Pas du tout. Les économistes et des régulateurs ne cessent de répéter que la transparence résoudra tout. L’idée étant qu’avec une bonne transparence, il n’y a pas besoin de réguler. Ils s’accrochent encore à cette théorie complètement fausse de l’anticipation rationnelle des marchés. De toute façon, que la théorie soit fausse ou pas, cela ne change rien au fait que les financiers n’accepteront jamais qu’il y ait vraiment de la transparence puisque c’est grâce à l’opacité, grâce à l’asymétrie d’information, qu’ils réalisent des profits. Les dark pools ont par exemple été créés expressément pour permettre aux gros investisseurs d’agir dans l’ombre et d’empêcher les courtiers de placer leurs propres ordres avant les leurs et les petits intervenants de se placer dans leur sillage. Et il n’est pas question de supprimer ces dark pools.

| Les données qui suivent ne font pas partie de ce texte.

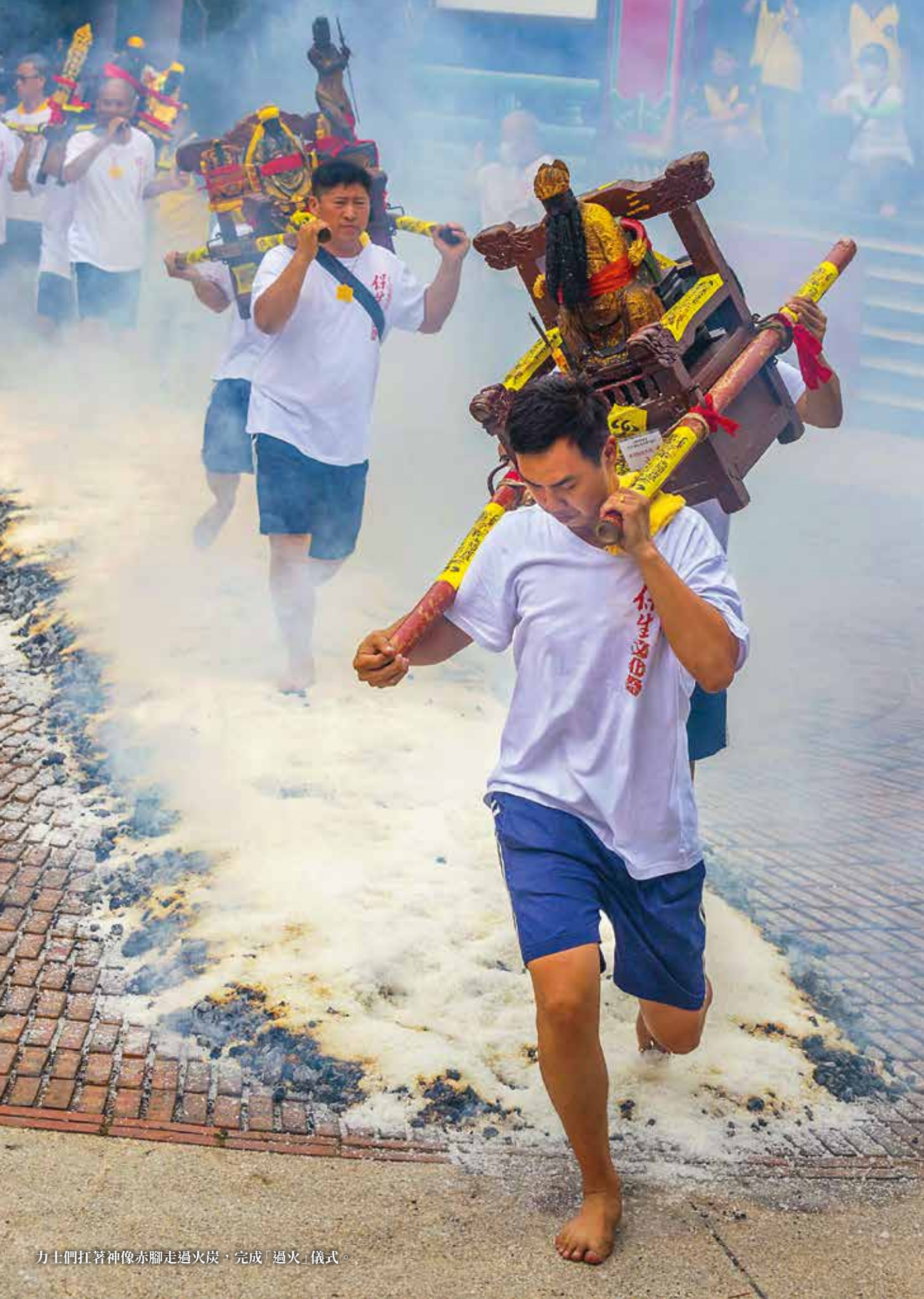
力士們扛著神像赤腳走過火炭，完成「過火」儀式。
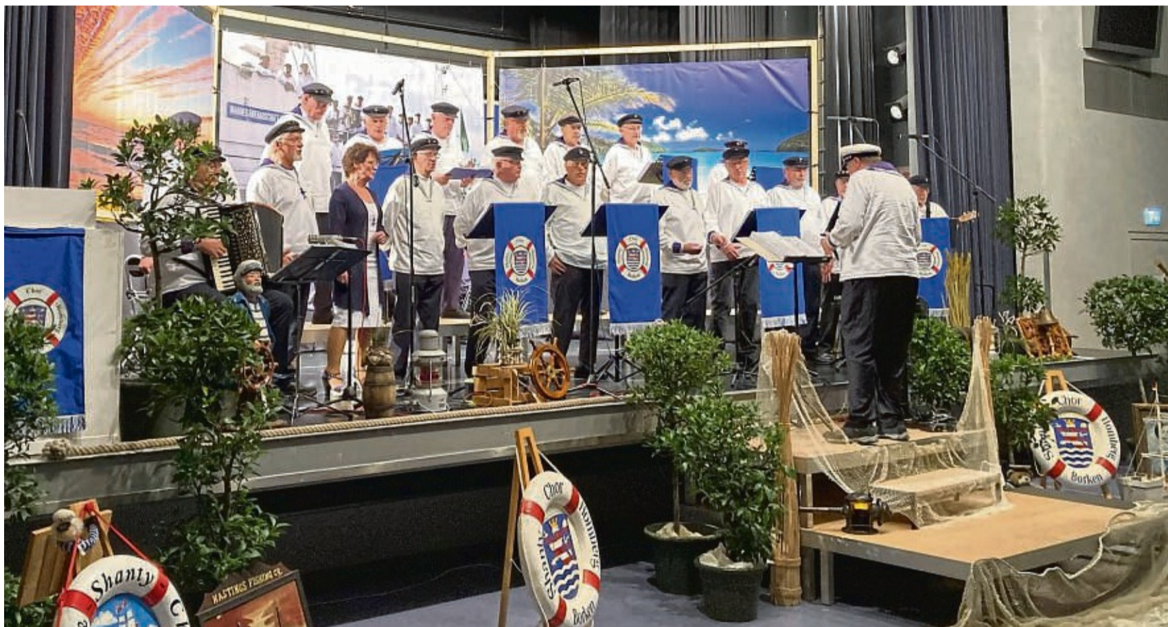
Hatte natürlich seinen Auftritt: Der Shantychor Homberg-Borken in Aktion.
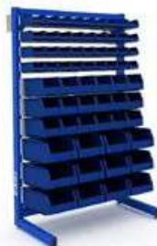
Система хранения SORTEX 1495-1 №1-4 Артикул 520-1154-00
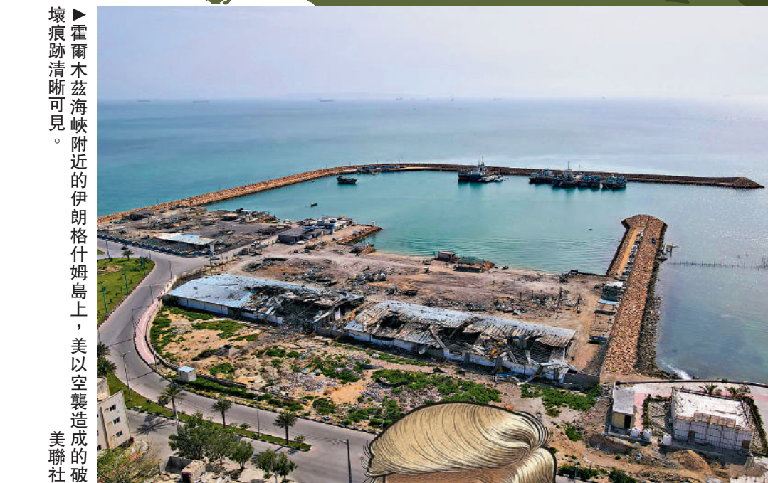
霍爾木茲海峽附近的伊朗格什姆島上，美以空襲造成的破壞痕跡清晰可見。

美軍13日起對所有進出伊朗港口的船隻實施封鎖，逾萬名美軍士兵和十多艘軍艦在阿曼灣和阿拉伯海等地參與行動，霍爾木茲海峽航運面臨新的不確定性。凱恩16日稱，截至當天上午美軍尚未登臨任何船隻。美軍中央司令部稱，沒有一艘船突破封

Une réforme efficace de la finance commencerait par faire une chose : interdire le foyer-même de la spéculation, ces paris sur les fluctuations de prix qui font circuler du capital en circuit fermé, entre gagnants et perdants d’un pari. Non seulement cet argent n’est pas disponible pour la consommation et la production dans l’économie réelle mais la spéculation génère aussi un risque systémique en créant de longues chaînes de créanciers interdépendants. Enfin, elle pénalise de manière injustifiée les producteurs quand le prix spéculatif est exagérément bas, et les consommateurs quand il est exagérément haut.